The days were full of silences, and the racket of the gunship was like another kind of smothering silence. They spent hours looking for fuel depots — like wanderers in a desert looking for oases. And because all the depots were fortified and some actually enclosed in garrisons, they lingered in these places, spending a whole morning or afternoon enjoying that safety at ground level. Then they ventured into what they thought of as the unknown: the pattern of towns in the midwest. They stayed away from the cities, believing that was what Fizzy would have done. Anyway, most of these cities were so hard to enter or leave. Cincinnati, for example: they were kept holding over the river for almost an hour.

"Checking credentials!" Sluter complained, and when the control tower asked for more information the others cried, "Snake-Eaters!" and "This mission is classified!" They flew off without entering the city.

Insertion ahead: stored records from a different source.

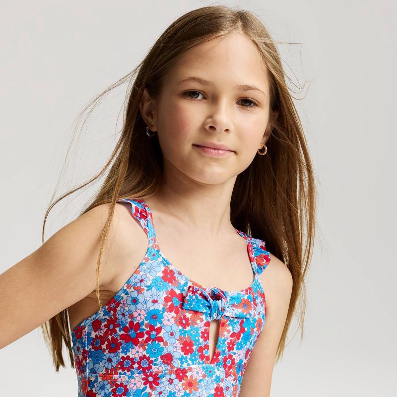 Brighten up your child's swimwear with this Floral One-Piece Swimsuit from Cat & Jack™. Adorned with a vibrant floral print in blue, pink and red shades on a white backdrop, this tricot swimsuit is cr…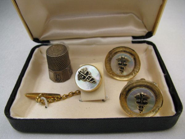 THREE NICE STICK PINS CUFF LINKS STERLING THIMBLE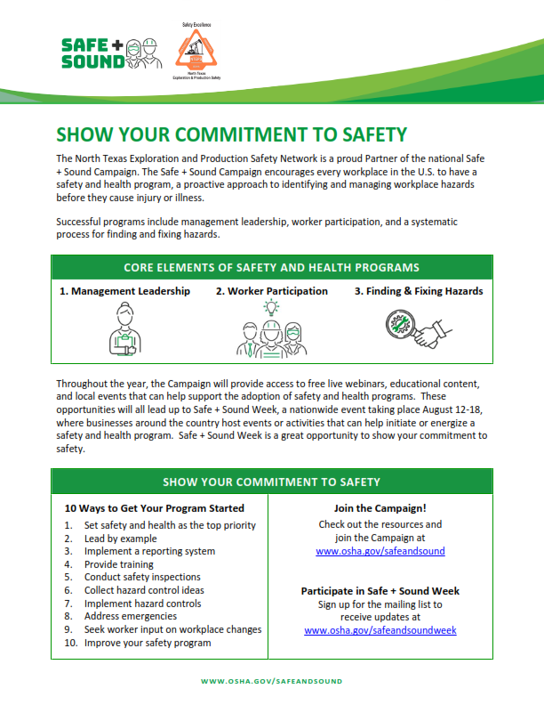 Last year, Safe + Sound Week was a success by all measures. Hundreds of businesses across the country participated to showcase elements of their safety and health programs during the week, or took a step in the right direction by starting to build their safety and health program. We are pleased to announce that this year Safe + Sound Week will take place August 10-16. Leading up to Safe + Sound Week, there will be opportunities to learn more about safety and health programs and get exclusive content from Safe + Sound Organizers.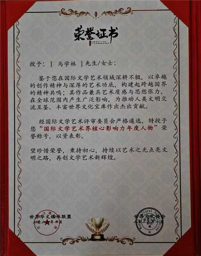 2026年1月,获人民文艺网、中国文艺报道官网、百度新闻官网、凤凰新闻官网四大顶级官网,1亿8000万大数据筛选全球华人文学艺术精英:“2026人民文艺家”;获“艺术大数据盛典金奖”;获“世界文艺巅峰金奖”;撰写的《论中国楹联对春节的气氛烘托和世界春节的推动与影响》入选为“春联•非遗”学术会议优秀论文,并被按排大会发言,获优秀论文证书,入选“春联•非遗论文集;获世界文化协会、世界华文媒体联盟颁发的“国际文学艺术界核心影响力年度人物”荣誉称号和荣誉证书。获CCTV特别推荐“中国艺术形象代言人”荣誉称号、获“世界文化艺术功勋成就奖”;并获证书;获《两会献礼•特别推荐最具影响力艺术家》荣誉称号并获牌匾;2026年1月,登榜美国《时代周刊》2025年度文学人物,成为驰誉世界的诗歌大家。同月,被《时代周刊》杂志社联合普林斯顿大学、麻省理工学院、哈佛大学、斯坦福大学、耶鲁大学联合评选为《时代周刊》“2025年度文化人物·中国诗人50杰。”2026年2月,作品入驻中国高等学府四大顶级名校北京大学、清华大学、浙江大学、复旦大学“中国四大名校第一人”。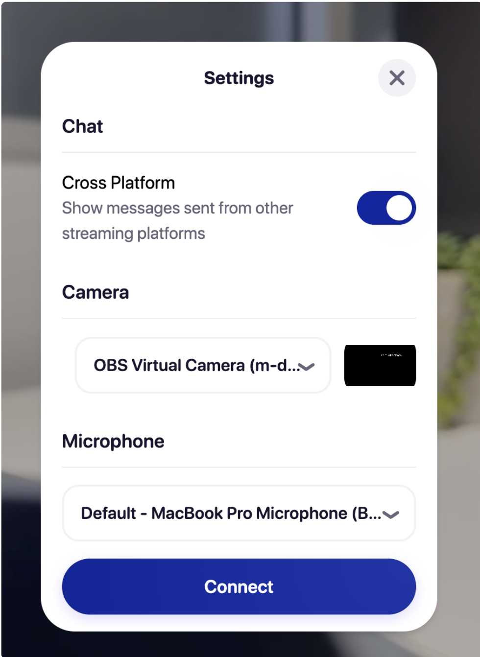 From the Settings prompt, you’ll be able to select your OBS Virtual Camera by clicking on the dropdown. Note: If you don't see this option, you may have to refresh your browser.

Thereafter they kept to the small towns and the in-between stretches of farmland. When they took the trouble to look closely, they were impressed by the way some of the people in these towns lived so close to the ground — eating real food, drinking their own water, running factories and ingeniously irrigating their land. Many of them did not even bother to erect fences. From the air, their gardens looked like multicolored rugs. There was large-scale fanning, too — fields of winter wheat and newly sprouted corn.

Occasionally, from the air, they saw a white farmhouse and a barn and a paddock and a silo and a chicken coop and an old truck parked in front. And they knew there was a family in the house that had not been changed by either time or events. The family was at the table, eating supper in their overalls, their heads bowed toward the mashed potatoes and gravy and broccoli and the gleaming chicken — probably praying, and probably not even thinking of it as real food, but just food.

Yet some of those same families might be buying space in a rocket and paying a subscription to the Pilgrims and talking about leasing units and stations and orbits. They might be saying, "Let's sell up and get off the planet" — the poor deluded fools. Hardy felt they would be better off in Maine or Idaho. But they all worried; even those people praying over their mashed potatoes feared Diggers and Starkies and Roaches and all the aliens that sneaked into the States from the world, or were thrown out of the cities; and they braced themselves against the swarms that hit here and cleaned them out.